_PROVIDED DATA:_
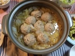 白菜と肉団子の温まる煮物♪ 毎年寒くなるとつくる肉団子の鍋物です 材料 (4人分) 豚ひき肉 300g A長ネギ 10cm位 Aじゃがいも 小1個 A塩、こしょう 少々 A生姜すりおろ...
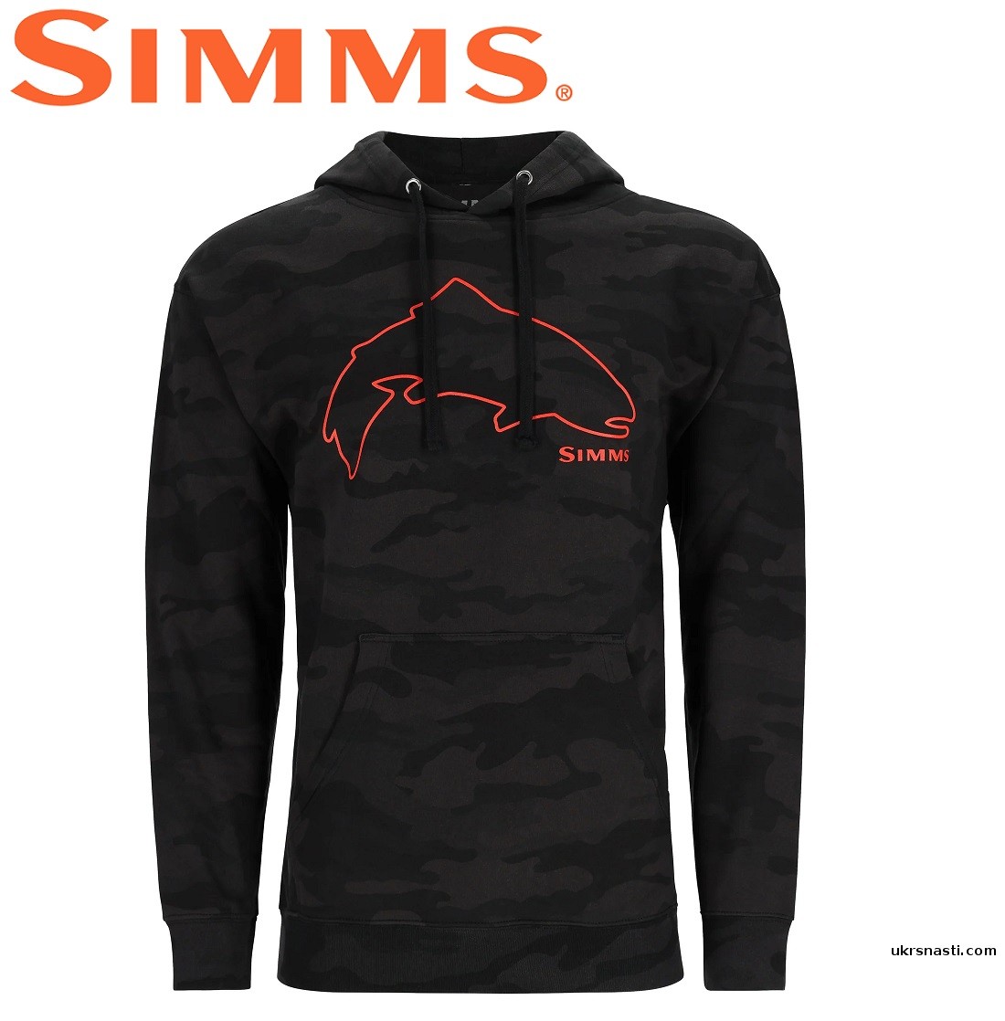 Худи Simms Trout Outline Hoody Woodland Camo Carbon размер 2XL
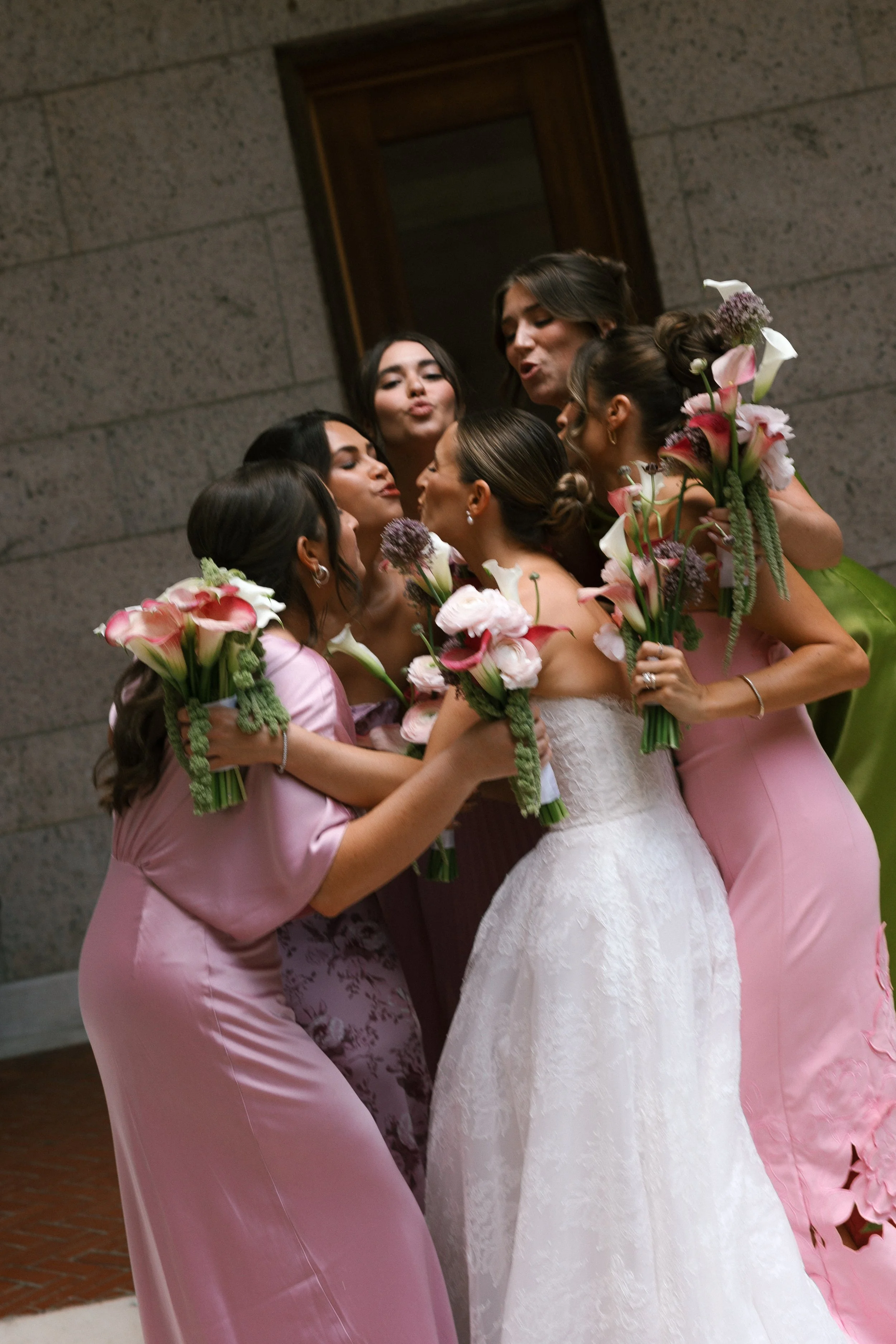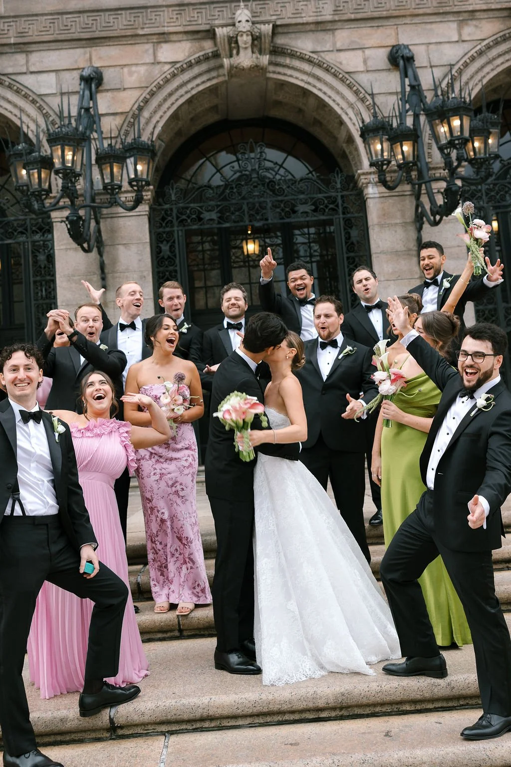 Sarah and Adrian’s wedding at the Boston Public Library was a refined, sculptural celebration defined by modern floral artistry in one of Boston’s most iconic architectural settings. The design focused on architectural florals—featuring sculptural calla lilies, cascading hanging amaranths, and bold allium—creating a modern, editorial aesthetic that complemented the grandeur of the library’s historic interiors.
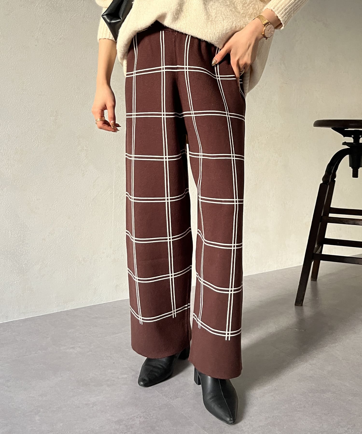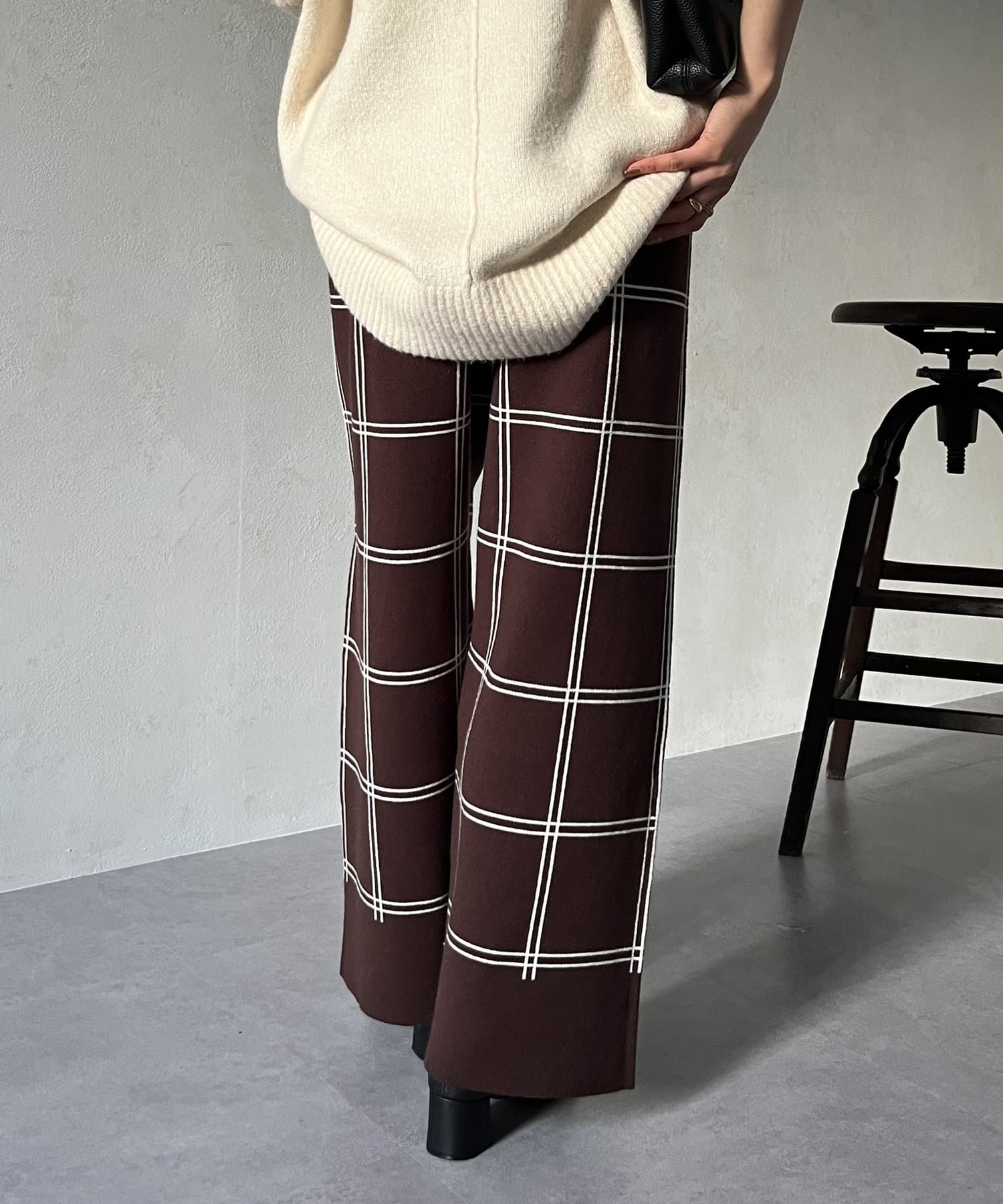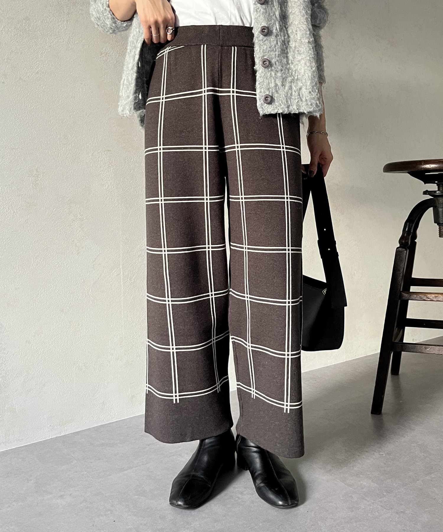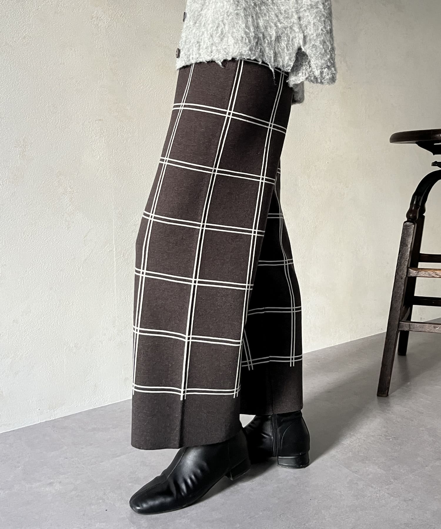 ラインチェック柄ニットパンツ

_WORK REQUIRED:_ Word for word, output the lines from the beginning of the listing through the line holding "Худи Simms Trout" and nothing beyond them. Omit the pictures.

_RESULT OF THIS TASK:_
 白菜と肉団子の温まる煮物♪ 毎年寒くなるとつくる肉団子の鍋物です 材料 (4人分) 豚ひき肉 300g A長ネギ 10cm位 Aじゃがいも 小1個 A塩、こしょう 少々 A生姜すりおろ...
 Худи Simms Trout Outline Hoody Woodland Camo Carbon размер 2XL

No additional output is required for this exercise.